* **WHAT THE TASK REQUIRES**
Go through the listing below, and from the line containing "قَالَ الشَّيْخُ: وَرَوَاهُ" through its last line, transcribe every line exactly, skipping pictures.
----------------
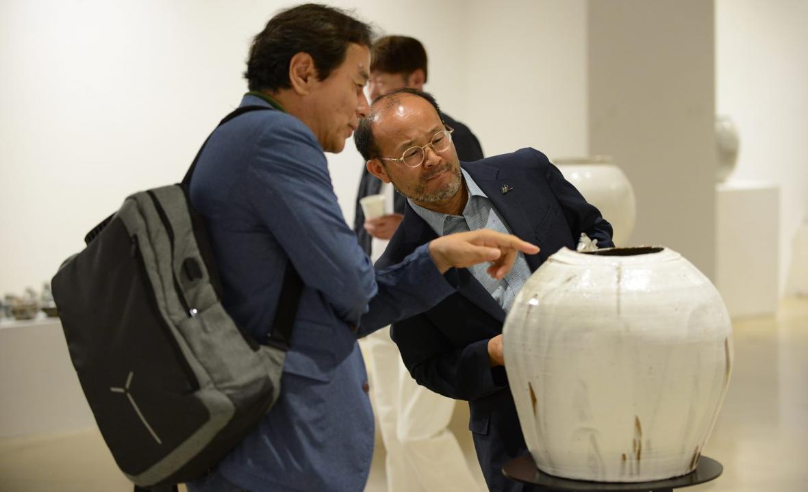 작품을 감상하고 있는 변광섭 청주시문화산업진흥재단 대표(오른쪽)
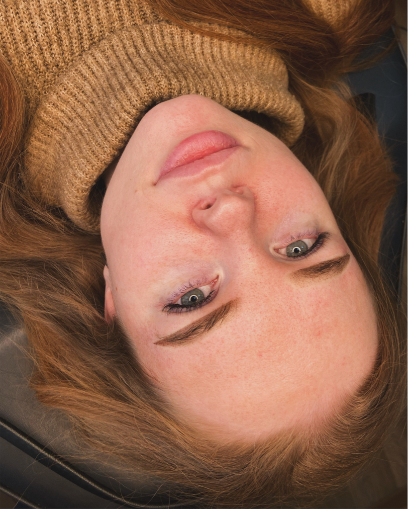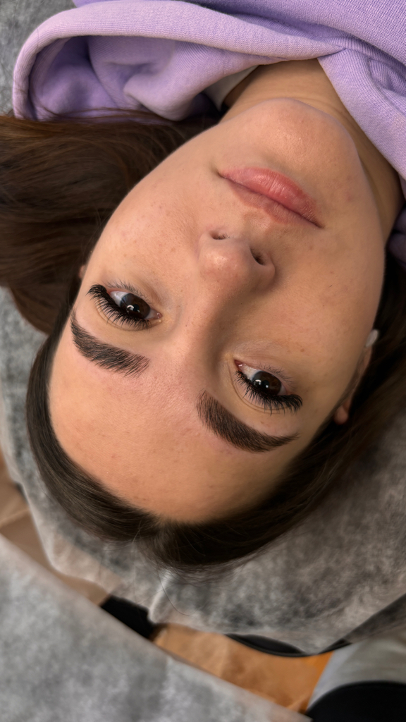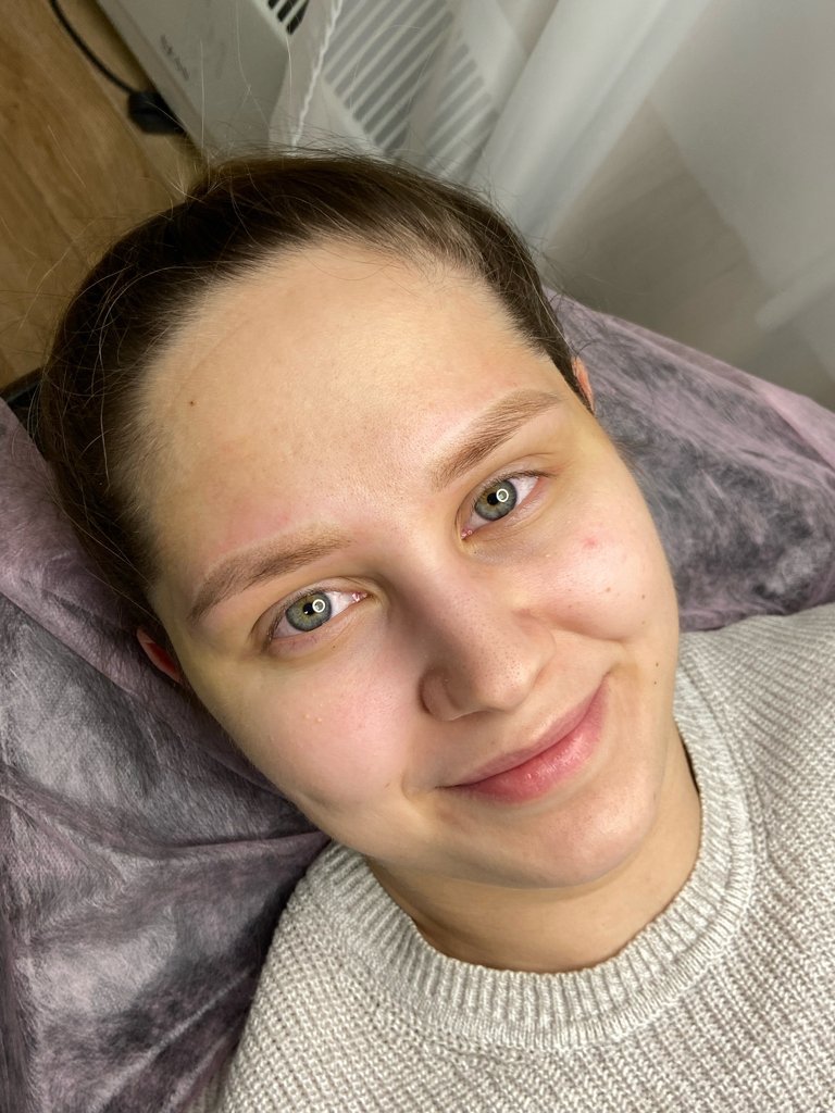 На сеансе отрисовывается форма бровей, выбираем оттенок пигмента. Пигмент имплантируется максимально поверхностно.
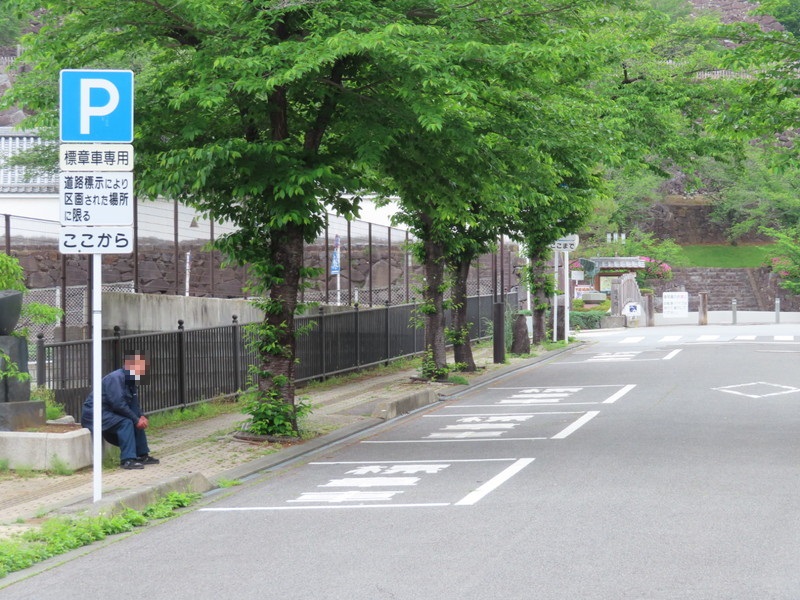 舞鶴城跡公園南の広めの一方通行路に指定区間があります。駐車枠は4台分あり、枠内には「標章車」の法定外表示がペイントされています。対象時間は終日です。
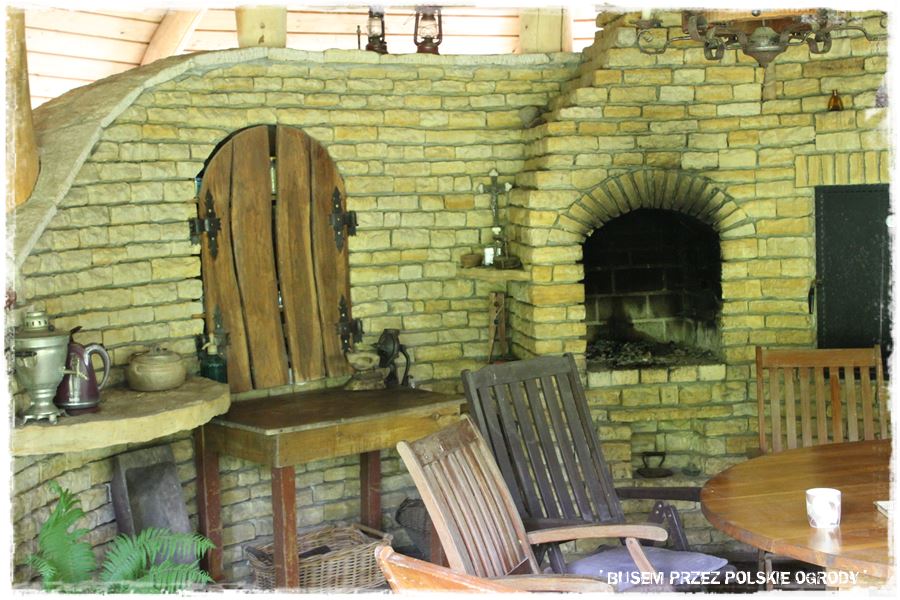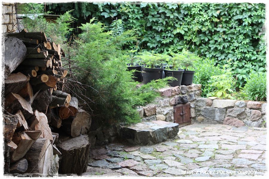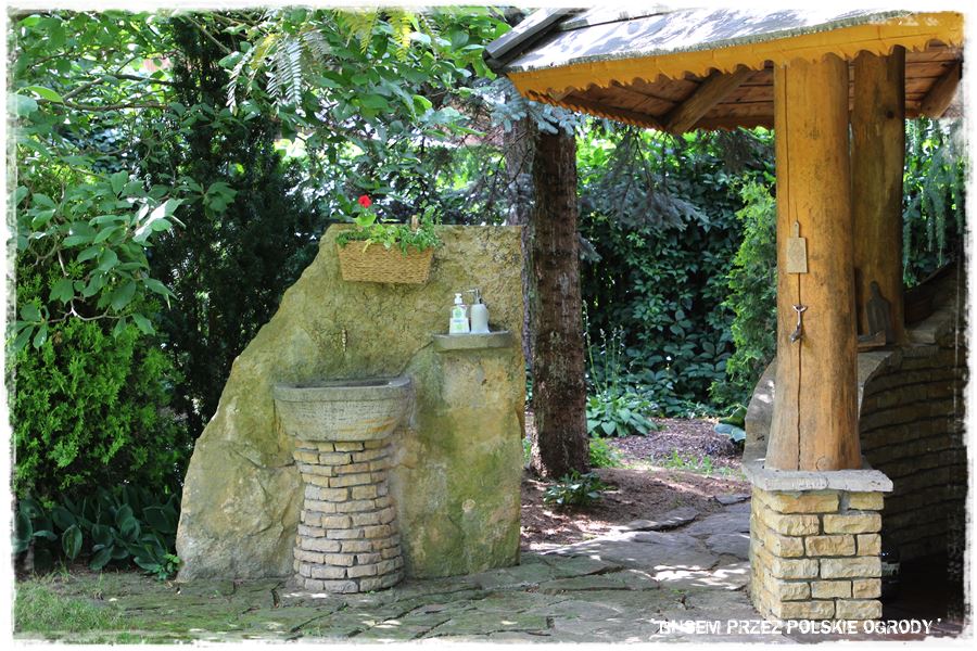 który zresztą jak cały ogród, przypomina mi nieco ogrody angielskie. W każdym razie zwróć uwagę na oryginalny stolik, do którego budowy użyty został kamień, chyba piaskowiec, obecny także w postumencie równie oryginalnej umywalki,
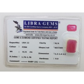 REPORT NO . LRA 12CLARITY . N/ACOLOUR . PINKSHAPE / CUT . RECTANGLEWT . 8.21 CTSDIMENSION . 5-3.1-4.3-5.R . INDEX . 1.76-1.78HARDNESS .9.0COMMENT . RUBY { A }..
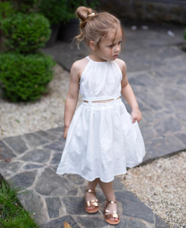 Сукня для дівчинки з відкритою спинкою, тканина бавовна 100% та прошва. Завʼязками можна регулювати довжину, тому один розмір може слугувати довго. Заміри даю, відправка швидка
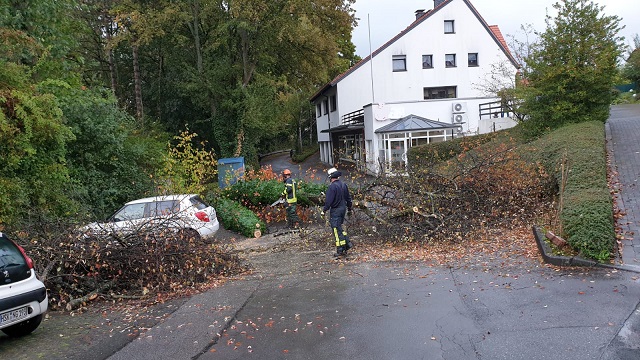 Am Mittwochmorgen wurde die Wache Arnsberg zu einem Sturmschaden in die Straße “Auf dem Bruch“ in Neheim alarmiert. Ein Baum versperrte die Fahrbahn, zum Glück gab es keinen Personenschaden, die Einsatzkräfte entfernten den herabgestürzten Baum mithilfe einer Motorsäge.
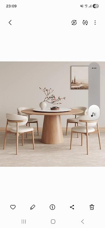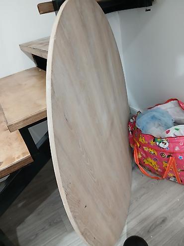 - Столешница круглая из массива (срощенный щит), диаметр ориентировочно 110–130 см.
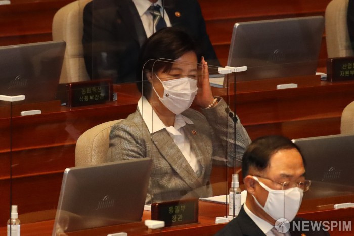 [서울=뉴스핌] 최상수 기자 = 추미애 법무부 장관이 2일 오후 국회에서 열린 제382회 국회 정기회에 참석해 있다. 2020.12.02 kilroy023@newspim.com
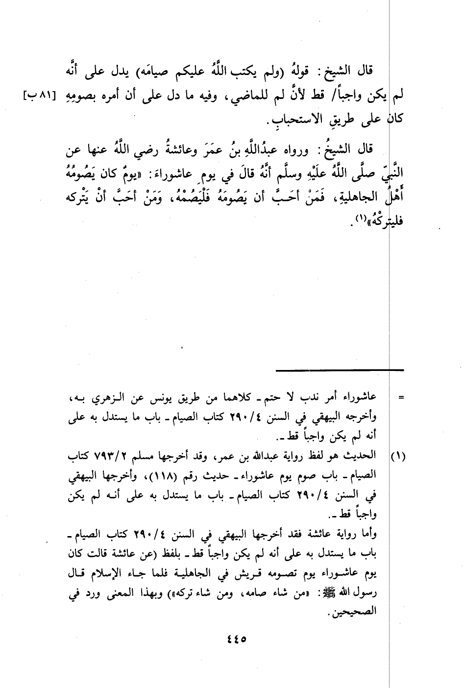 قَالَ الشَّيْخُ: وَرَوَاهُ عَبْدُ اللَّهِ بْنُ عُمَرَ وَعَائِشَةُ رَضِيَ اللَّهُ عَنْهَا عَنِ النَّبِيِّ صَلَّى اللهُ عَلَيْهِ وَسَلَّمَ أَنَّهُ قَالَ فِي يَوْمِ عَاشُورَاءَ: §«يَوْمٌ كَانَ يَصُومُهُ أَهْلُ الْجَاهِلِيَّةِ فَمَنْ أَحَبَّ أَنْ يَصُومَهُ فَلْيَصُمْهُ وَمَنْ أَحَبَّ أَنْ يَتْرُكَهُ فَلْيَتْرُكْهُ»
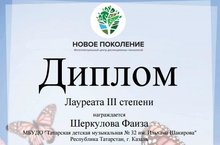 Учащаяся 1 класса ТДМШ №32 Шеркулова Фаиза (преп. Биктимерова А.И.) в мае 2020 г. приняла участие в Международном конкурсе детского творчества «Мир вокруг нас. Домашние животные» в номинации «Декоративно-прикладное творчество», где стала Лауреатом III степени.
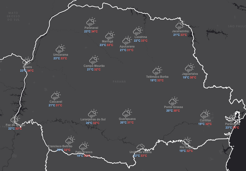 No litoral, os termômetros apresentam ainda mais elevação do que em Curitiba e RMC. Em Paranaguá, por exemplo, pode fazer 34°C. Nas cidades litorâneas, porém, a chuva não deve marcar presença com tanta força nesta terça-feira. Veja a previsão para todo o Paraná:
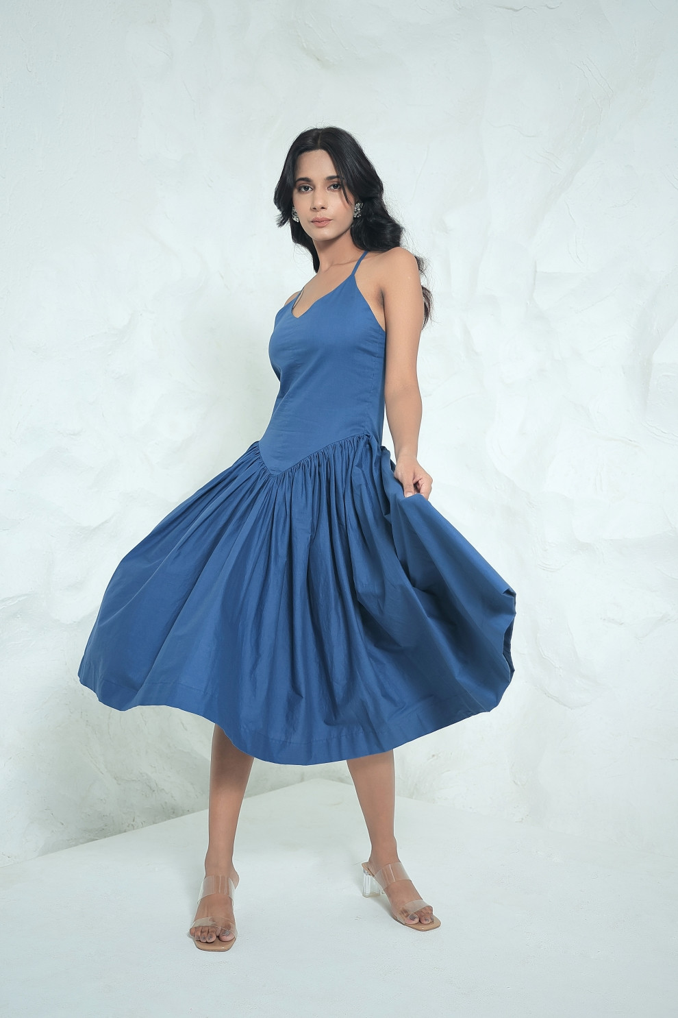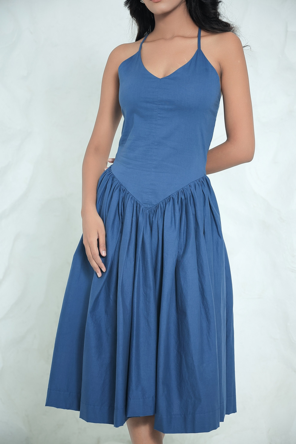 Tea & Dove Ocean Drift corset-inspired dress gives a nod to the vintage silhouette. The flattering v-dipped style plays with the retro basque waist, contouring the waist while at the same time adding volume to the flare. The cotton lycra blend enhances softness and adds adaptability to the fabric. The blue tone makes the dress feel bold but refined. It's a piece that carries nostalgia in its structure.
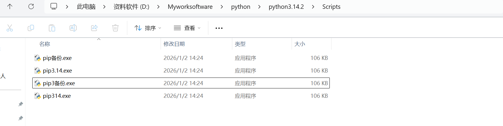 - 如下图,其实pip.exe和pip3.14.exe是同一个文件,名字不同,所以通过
----------------
* **ANSWER BOX**
 قَالَ الشَّيْخُ: وَرَوَاهُ عَبْدُ اللَّهِ بْنُ عُمَرَ وَعَائِشَةُ رَضِيَ اللَّهُ عَنْهَا عَنِ النَّبِيِّ صَلَّى اللهُ عَلَيْهِ وَسَلَّمَ أَنَّهُ قَالَ فِي يَوْمِ عَاشُورَاءَ: §«يَوْمٌ كَانَ يَصُومُهُ أَهْلُ الْجَاهِلِيَّةِ فَمَنْ أَحَبَّ أَنْ يَصُومَهُ فَلْيَصُمْهُ وَمَنْ أَحَبَّ أَنْ يَتْرُكَهُ فَلْيَتْرُكْهُ»
 Учащаяся 1 класса ТДМШ №32 Шеркулова Фаиза (преп. Биктимерова А.И.) в мае 2020 г. приняла участие в Международном конкурсе детского творчества «Мир вокруг нас. Домашние животные» в номинации «Декоративно-прикладное творчество», где стала Лауреатом III степени.
 No litoral, os termômetros apresentam ainda mais elevação do que em Curitiba e RMC. Em Paranaguá, por exemplo, pode fazer 34°C. Nas cidades litorâneas, porém, a chuva não deve marcar presença com tanta força nesta terça-feira. Veja a previsão para todo o Paraná:
 Tea & Dove Ocean Drift corset-inspired dress gives a nod to the vintage silhouette. The flattering v-dipped style plays with the retro basque waist, contouring the waist while at the same time adding volume to the flare. The cotton lycra blend enhances softness and adds adaptability to the fabric. The blue tone makes the dress feel bold but refined. It's a piece that carries nostalgia in its structure.
 - 如下图,其实pip.exe和pip3.14.exe是同一个文件,名字不同,所以通过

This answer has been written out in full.